Although the discovery of this previously undetected mecA homologue is of public health importance, Holmes said drinking milk and consuming dairy products is not a public health concern.
“There is no survival of MRSA in milk or dairy products, as long as the milk is pasteurized,” he said. “The main worry would be that these cows represent a pool of the bacteria, that these bacteria end up colonizing people who work or live on farms and they take it out to the wider community.”

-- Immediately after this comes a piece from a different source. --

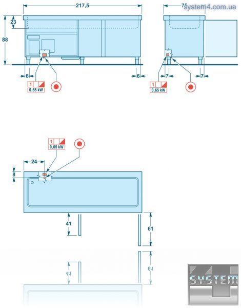 • охлаждаемые емкости, рабочая температура +2...+12 °C, высота 200 мм, вмещает около 130 бутылок 0,5л. в 4 х 1/1 GN, и около 200 в 6 х 1/1 GN;
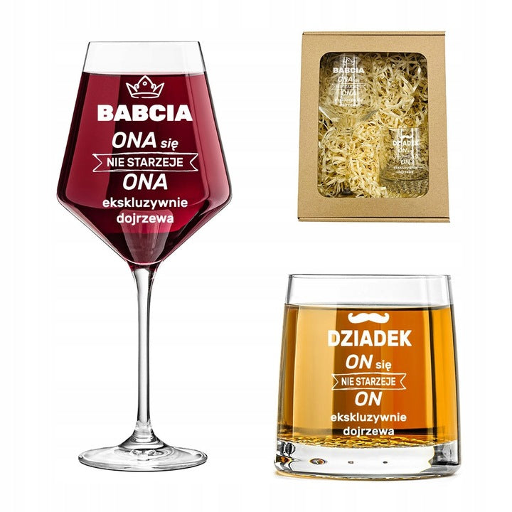 - Rodzaj: Zestaw Prezentowy Dla Dziadków - Kieliszek + Szklanka z Grawerem

The researchers said the ramifications of not detecting S. aureus strains that carry this new strain should be considered in diagnostic protocols.
Disclosure: This research was funded by the Department for Environment, Food and Rural Affairs, Higher Education Funding Council for England, Isaac Newton Trust (University of Cambridge), and the Wellcome Trust.
The more we know about staphylococci, the more there is to know. The report of cattle with a methicillin-resistant staphylococci with a mecA homologue not detected by usual PCR is perturbing, especially as PCR has been increasingly relied upon for rapid screening for MRSA and early therapy. Good epidemiology studies in the U K and Denmark indicate it is a growing part of staphylococcal infections in mastitis in cattle and likely in a variety of infections in people although the real clinical significance and virulence in people is not yet delineated. This new information is another challenge for the micro lab, which is already overburdened by the susceptibility testing for MRSA, especially in regard to vancomycin and other glycopeptides. A new detection method for the mecALGA251 homologue will add another step and expense in dealing with these confounding bacteria. The other questions these findings bring up are how many other methicillin-resistant mechanisms are there that we do not know about and how many more will develop in our lifetime? Where did these things come from in the phylogenetic tree and how concerned do we have to be about the sources?